Task objective —
Give again exactly the lines that stretch from the one with "Floor Length Multi-color" to the end of the data below, including both of those lines and nothing else.

[Items listed in a dataset]
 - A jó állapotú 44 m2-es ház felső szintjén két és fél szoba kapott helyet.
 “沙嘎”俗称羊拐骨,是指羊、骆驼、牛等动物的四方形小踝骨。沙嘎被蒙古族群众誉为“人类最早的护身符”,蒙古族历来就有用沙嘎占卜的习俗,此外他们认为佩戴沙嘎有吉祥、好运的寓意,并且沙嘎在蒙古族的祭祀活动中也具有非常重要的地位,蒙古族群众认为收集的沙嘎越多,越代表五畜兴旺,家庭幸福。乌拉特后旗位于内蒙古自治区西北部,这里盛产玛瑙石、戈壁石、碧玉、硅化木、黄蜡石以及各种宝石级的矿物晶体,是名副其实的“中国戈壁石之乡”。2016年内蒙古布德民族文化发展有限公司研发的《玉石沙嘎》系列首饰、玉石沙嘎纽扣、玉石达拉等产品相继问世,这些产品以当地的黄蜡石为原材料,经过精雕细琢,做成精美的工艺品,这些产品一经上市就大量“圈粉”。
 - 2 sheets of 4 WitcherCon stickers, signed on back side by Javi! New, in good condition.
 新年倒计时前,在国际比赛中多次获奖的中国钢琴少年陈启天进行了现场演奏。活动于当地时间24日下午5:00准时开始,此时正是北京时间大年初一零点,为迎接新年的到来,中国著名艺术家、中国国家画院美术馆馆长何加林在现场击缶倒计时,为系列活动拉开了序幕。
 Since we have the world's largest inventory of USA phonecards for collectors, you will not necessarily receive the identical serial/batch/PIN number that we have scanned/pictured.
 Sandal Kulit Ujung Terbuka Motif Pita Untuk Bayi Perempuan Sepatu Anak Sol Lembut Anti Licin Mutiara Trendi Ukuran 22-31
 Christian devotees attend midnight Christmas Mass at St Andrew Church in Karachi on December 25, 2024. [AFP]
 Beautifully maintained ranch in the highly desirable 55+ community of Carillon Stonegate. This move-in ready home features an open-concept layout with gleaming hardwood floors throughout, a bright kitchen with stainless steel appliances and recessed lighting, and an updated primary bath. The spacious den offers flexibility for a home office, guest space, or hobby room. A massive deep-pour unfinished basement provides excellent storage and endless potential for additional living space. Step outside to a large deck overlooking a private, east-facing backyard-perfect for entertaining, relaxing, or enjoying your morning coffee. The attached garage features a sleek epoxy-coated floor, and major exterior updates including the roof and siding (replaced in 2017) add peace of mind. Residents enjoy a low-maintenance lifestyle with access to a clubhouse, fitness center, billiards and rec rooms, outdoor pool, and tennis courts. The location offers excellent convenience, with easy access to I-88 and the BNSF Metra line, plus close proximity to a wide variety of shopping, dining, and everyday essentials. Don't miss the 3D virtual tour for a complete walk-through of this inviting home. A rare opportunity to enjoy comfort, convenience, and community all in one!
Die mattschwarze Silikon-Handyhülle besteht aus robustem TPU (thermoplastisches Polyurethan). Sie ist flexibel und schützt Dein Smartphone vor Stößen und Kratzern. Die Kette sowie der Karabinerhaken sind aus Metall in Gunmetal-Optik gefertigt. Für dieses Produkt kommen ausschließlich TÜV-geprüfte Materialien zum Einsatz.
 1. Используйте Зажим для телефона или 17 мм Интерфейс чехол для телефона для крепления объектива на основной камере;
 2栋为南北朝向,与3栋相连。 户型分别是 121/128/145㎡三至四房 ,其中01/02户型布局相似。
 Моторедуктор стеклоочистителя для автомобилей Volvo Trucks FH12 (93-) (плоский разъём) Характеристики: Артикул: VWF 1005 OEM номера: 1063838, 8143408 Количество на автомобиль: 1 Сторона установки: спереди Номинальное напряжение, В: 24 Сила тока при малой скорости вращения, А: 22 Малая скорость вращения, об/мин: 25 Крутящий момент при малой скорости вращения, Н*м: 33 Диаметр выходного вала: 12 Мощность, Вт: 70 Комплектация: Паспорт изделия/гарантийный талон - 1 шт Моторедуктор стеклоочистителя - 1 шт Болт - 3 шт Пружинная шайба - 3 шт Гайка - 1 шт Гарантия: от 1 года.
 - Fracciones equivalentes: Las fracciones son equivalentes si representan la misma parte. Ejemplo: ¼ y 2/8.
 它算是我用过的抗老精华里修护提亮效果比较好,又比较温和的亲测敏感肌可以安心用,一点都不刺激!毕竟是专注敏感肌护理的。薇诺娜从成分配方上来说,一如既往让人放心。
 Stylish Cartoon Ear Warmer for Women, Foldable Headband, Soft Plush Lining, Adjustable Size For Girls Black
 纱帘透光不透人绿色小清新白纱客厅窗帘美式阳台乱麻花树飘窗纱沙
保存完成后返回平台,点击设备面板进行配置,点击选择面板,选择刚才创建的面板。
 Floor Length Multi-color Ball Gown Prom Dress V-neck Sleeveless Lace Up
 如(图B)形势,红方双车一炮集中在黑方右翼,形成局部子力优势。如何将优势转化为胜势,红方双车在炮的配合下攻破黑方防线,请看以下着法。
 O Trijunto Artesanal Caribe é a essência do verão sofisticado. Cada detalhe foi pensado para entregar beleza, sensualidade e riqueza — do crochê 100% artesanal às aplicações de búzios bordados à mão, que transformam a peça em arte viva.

Worked solution —
 Floor Length Multi-color Ball Gown Prom Dress V-neck Sleeveless Lace Up
 如(图B)形势,红方双车一炮集中在黑方右翼,形成局部子力优势。如何将优势转化为胜势,红方双车在炮的配合下攻破黑方防线,请看以下着法。
 O Trijunto Artesanal Caribe é a essência do verão sofisticado. Cada detalhe foi pensado para entregar beleza, sensualidade e riqueza — do crochê 100% artesanal às aplicações de búzios bordados à mão, que transformam a peça em arte viva.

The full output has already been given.